An overlay of the photograph and fluorescence indicates the location of fluorescent materials in the gastrointestinal tract. Open the fluorescent and photograph image files in picture editing software for analysis. Adjust the pixel size of both images to have the exact dimensions and close the photograph file.
For the fluorescent image, use an eraser tool to remove the background and make it transparent. Create a new layer. Choose a black fill to the layer and drag the layer to lie below the layer with the fluorescent image and make an entirely black background.
Save the new fluorescent image containing only the fluorescent signal on a black background as a new TIF file. Open the new fluorescent and photograph images in ImageJ. Turn each image into a 30-bit image by choosing Image, followed by Type and 30-bit.
Create a merged image of both by choosing Image, followed by Color and Merge Channels. In the dialogue box that opens, select the photograph file for the gray channel and the fluorescent file Under any colored channels. Turn off the scale of the merged image by selecting Analyze, followed by Set Scale and Click to Remove Scale.
Select the Rectangle tool in ImageJ. Draw a rectangle around a section of the small bowel while paying close attention to the width of this region of interest, as it should remain constant between all regions of interest. Duplicate the region of interest by selecting Image, followed by Duplicate and select only the channel corresponding to the colored channel.
Again, use the Rectangle tool to draw a region of interest over the whole new image and retrieve a fluorescence profile by selecting Analyze, followed by Plot Profile. Open the list of values and copy them to spreadsheet software. Repeat steps from drawing of the region of interest to retrieving a fluorescence profile for each section of the small bowel as described previously on a different ruler row.
In the spreadsheet software, multiply each average intensity value by the region of interest rectangle's constant width created in the previous step. This will yield the real intensity value along the small bowel at each point. Shown here are the average fluorescence traces along the length of the small bowel.
The distribution of fluorescent material varies according to the material properties of the intraluminal contents. Increasing the number of bins used to sort the same raw data sets reveals granular trace features unresolvable with fewer bins. Smaller bins decrease measurement uncertainty, increase spatial resolution, and better reflect the distributive component of small bowel motility.
The geometric center fails to completely characterize the spatial distribution of intraluminal contents. This limitation of the geometric center measurement is evident in the comparison between liquids and larger beads. The fluorescent trace of the larger beads is more distributed, but it averages out to a similar point as that of the liquid, regardless of binning granularity, which highlights the limitation of solely focusing on the geometric center.

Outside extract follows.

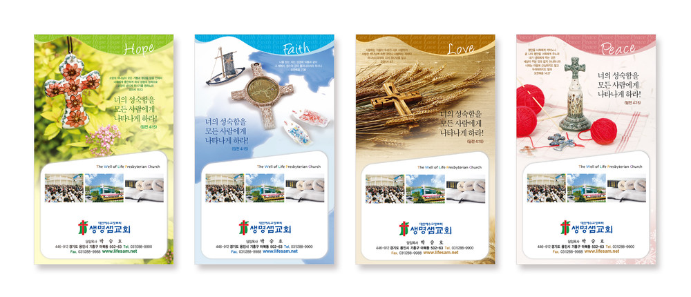 보통 교정을 컴퓨터 모니터나, 칼라 프린터로 출력해서 보시는 경우 모니터(빛의 색 RGB)와 인쇄물(잉크색 CMYK)에는 약간의 차이가 있습니다. 각 교회에서 사용되는 칼라 프린트도 옵셋 인쇄와는 인쇄 방식이 조금 달라 색상의 차이가 있습니다. 특히 종이의 재질(모조지, 아트지, 고급용지)에 의한 색의 차이도 발생할 수 있습니다.

To account for the distributive nature of small bowel contractions, a power spectral analysis was incorporated in the present study. Plotting the power spectrum demonstrates that as bin sizes shrink, we can observe significantly dominant frequencies in the larger beads spectrum, but not in that of the small beads. Some, but not all, of those additional dominant frequencies are present in the liquid spectrum.
The most delicate steps of this protocol are the gavage and the dissection. These should be standardized by the experimenters prior to performing this technique for experimental purposes. This is a terminal experiment, as the animal needs to be sacrificed.
When possible, maximize the use of your animal model by performing other non-terminal experiments before this one. Our group has recently used this technique to support our finding of gut touch sets where the gut uses epithelial mechanoreceptors to sense finer physical properties, much like our fingers do.